Sa meilleure campagne remonte à 2020-2021 avec les Nets: 5,2 points et 5,0 rebonds de moyenne en 10,5 minutes. Des chiffres modestes qui racontent une trajectoire typique des joueurs frontaliers, ceux qui oscillent entre banc NBA et G-League.
La renaissance en G-League et en Asie
C’est loin des projecteurs NBA que Johnson a retrouvé son basketball. En 2025-2026 - il explose avec les Iowa Wolves en G-League: 19,0 points et 11,1 rebonds de moyenne. Il signe deux triple-doubles et pose un record personnel à 41 points, 10 rebonds et 5 passes.
La seconde moitié de la même saison le voit débarquer en Chine, aux Shenzhen Leopards. Là, des moyennes nettement plus modestes: 12,0 points, 7,5 rebonds et 2,7 passes. L’écart avec les chiffres de G-League interroge. Rythme différent? Rôle ajusté? Les deux compétitions n’ont pas grand-chose en commun.
Avant la Chine, il avait aussi évolué en Corée du Sud avec les Busan KCC Egis - remportant le titre en KBL en 2024.
Le pari de l’impact physique
Le Paris Basketball, champion d’EuroCup - aborde sa première saison en EuroLeague avec une grille de lecture claire: il faut de l’impact physique, du rebond, de l’intensité. Johnson coche ces cases. Ses 11,1 rebonds de moyenne en G-League et ses 7,5 rebonds en CBA témoignent d’une constance au rebond, qualité recherchée face aux intérieurs européens. L’EuroLeague exige des ailiers forts capables de tenir leur rang défensif contre des profils costauds comme ceux du Real Madrid ou de l’Olympiakos, et de gratter des possessions en transition. Johnson a prouvé en Asie et en G-League qu’il pouvait encaisser le contact et produire dans des environnements physiques variés.
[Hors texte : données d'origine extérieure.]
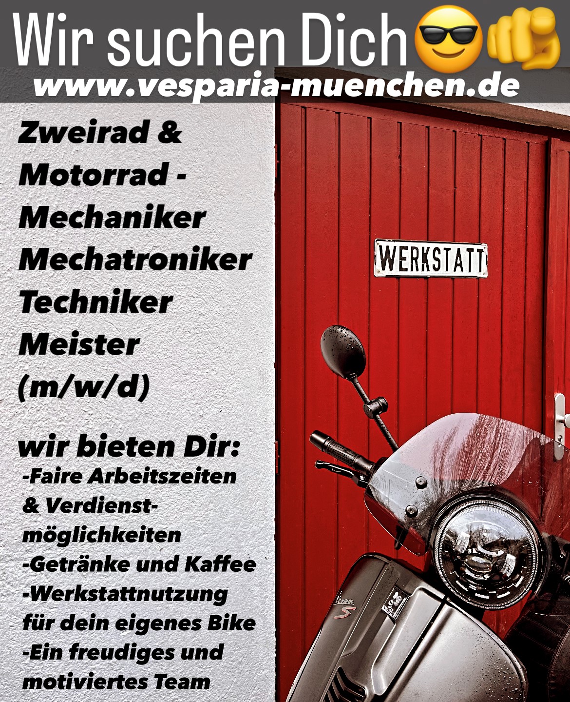 Wir sind Deine unabhängige Fachwerkstatt für Vespa, Piaggio, Aprilia und Moto Guzzi in München. Mit technischer Präzision und echter Hingabe bieten wir erstklassigen Service: von Wartung und Reparaturen über Restaurationen bis hin zu Motorinstandsetzungen und TÜV-Hauptuntersuchungen – alles streng nach Herstellervorgaben, ausgenommen herstellerbezogene Garantieleistungen und Rückrufaktionen. Neufahrzeuge gibt es auf Anfrage und mit Terminvereinbarung, unser Showroom lädt zum Entdecken ein.
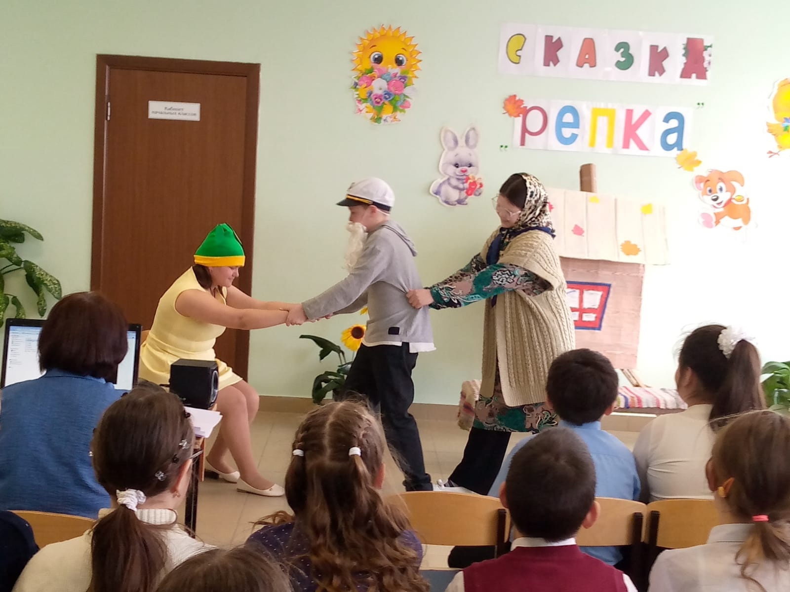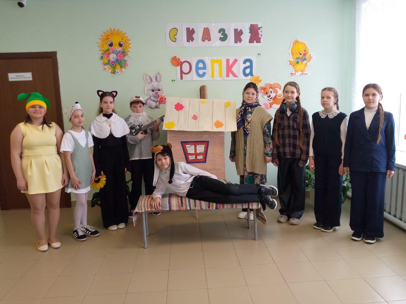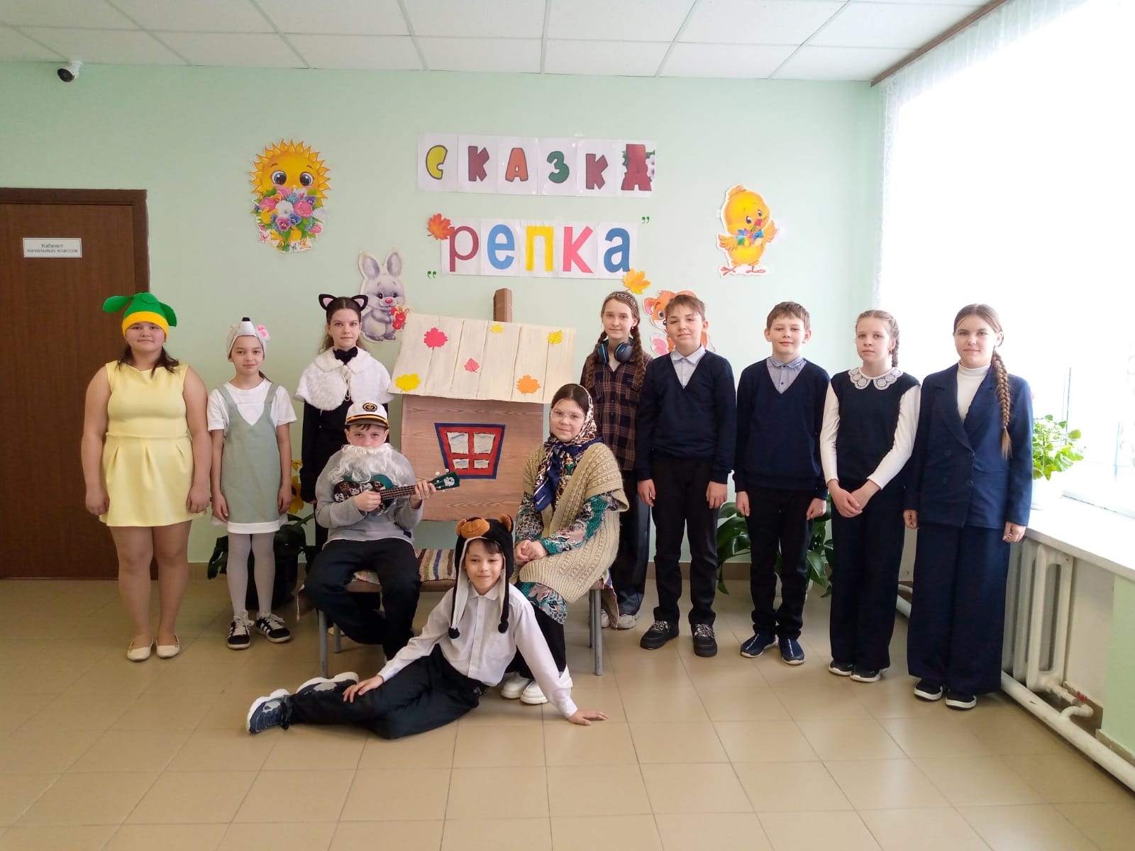 В школе прошла премьера спектакля «Репка» в исполнении театра «Школьные Ступеньки»

Reste que le rebond en G-League ou en CBA ne garantit rien face à la densité tactique et l’intensité défensive de l’EuroLeague. Les rotations européennes laissent moins d’espace, les systèmes sont plus rigides. C’est là que la polyvalence de Johnson sera testée.
S’adapter au basket européen
Le rythme européen diffère radicalement de celui de la G-League et de la CBA. En G-League, Johnson évoluait dans un système de transition rapide où ses 19,0 points et ses capacités athlétiques pouvaient s’exprimer librement. En Chine, sa moyenne redescend à 12,0 points et ses 2,7 passes décisives reflètent un rôle plus intégré dans un jeu collectif, mais avec des contraintes tactiques moins strictes qu’en EuroLeague. En NBA, ses 10,5 minutes de moyenne ne lui permettaient pas de construire un vrai rythme.
L’EuroLeague impose des séquences longues, des systèmes défensifs sophistiqués, et une lecture du jeu européen que Johnson devra acquérir rapidement. Le staff parisien aura pour mission de l’intégrer dans une rotation où chaque possession compte. La marge d’erreur est faible. Un joueur de son profil ne dispose pas de longtemps pour s’adapter. Paris joue sa crédibilité européenne dès le début de la saison.
La charge physique en question
Johnson arrive à 30 ans avec un corps qui a déjà encaissé cinq saisons NBA - des allers-retours en G-League, et des passages en Corée et en Chine. L’EuroLeague ne pardonne pas. Entre compétitions nationales et européennes, un joueur de rotation enchaîne de nombreux matches sur plusieurs mois, avec des déplacements lourds: Istanbul, Tel-Aviv, Athènes. Les équipes européennes disposent de rotations profondes, les minutes s’accumulent, et les corps trinquent.
Un profil comme celui de Johnson, impact physique, rebond, intensité, sera sollicité en permanence. La fenêtre est étroite. Paris mise sur un joueur rodé, mais aussi usé. Le pari: extraire quelques saisons de production avant que le compteur ne s’arrête.